Family change and variation through the lens of family configurations in low- and middle-income countries
University of Pennsylvania Population Center Working Papers (PSC/PARC) 2019-31
Philadelphia, PA, Population Studies Center (2019)
We show that the joint examination of family indicators offers new insights to understand family change across low- and middle-income countries. We operationalize this idea through the concept of family configuration. A family configuration is a confluence of interrelated conditions under which individuals form families. We measure family configurations using indicators for different dimensions of families: family forms and stability, gender relations, household structure, reproduction, and the timing of family formation events. We use data from 251 Demographic and Health Surveys disaggregated by urban and rural areas. Multiple Correspondence Analysis and clustering techniques allow us to summarize our 20 indicators into three factorial axes, and our 502 units into six country-area clusters (family configurations).

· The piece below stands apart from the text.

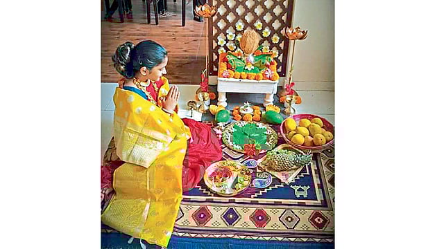 मागच्या वर्षीपासून आमची कन्याही पूजा करू लागली. एक वर्ष भातुकलीमध्ये केले होते सर्व! मागच्या वर्षीपासून रागरंगच वेगळा. मोठी पूजा आणि छोटी पूजा तिनेच केली. छान अंघोळ करून भल्या पहाटे लेकरू तय्यार! स्वयंपाकात जमेल ती सगळी मदत. मग पूजेची तयारी. छान टोपलीत आंबे मांडले. भाजी आणि फळे कोरून ठेवली आम्ही. साग्रसंगीत पूजा, पुन्हा सगळा नैवेद्य वाढायला मदत.

We provide an in-depth description of these family configurations, how they change over time, and how they distribute across the globe. Our main conclusion is that global family change emerges
from a complex interplay between the steadiness of traditional ways of forming families and gender relations, and the rapidly changing dynamics in the realms of fertility, contraception and timing of family formation. In most regions of the world, countries display different family configurations, and this diversity is larger among urban areas than rural ones. Together, these results underline the need to conceptualize population dynamics from a systemic perspective, i.e., from a perspective that focuses on the confluence of demographic indicators.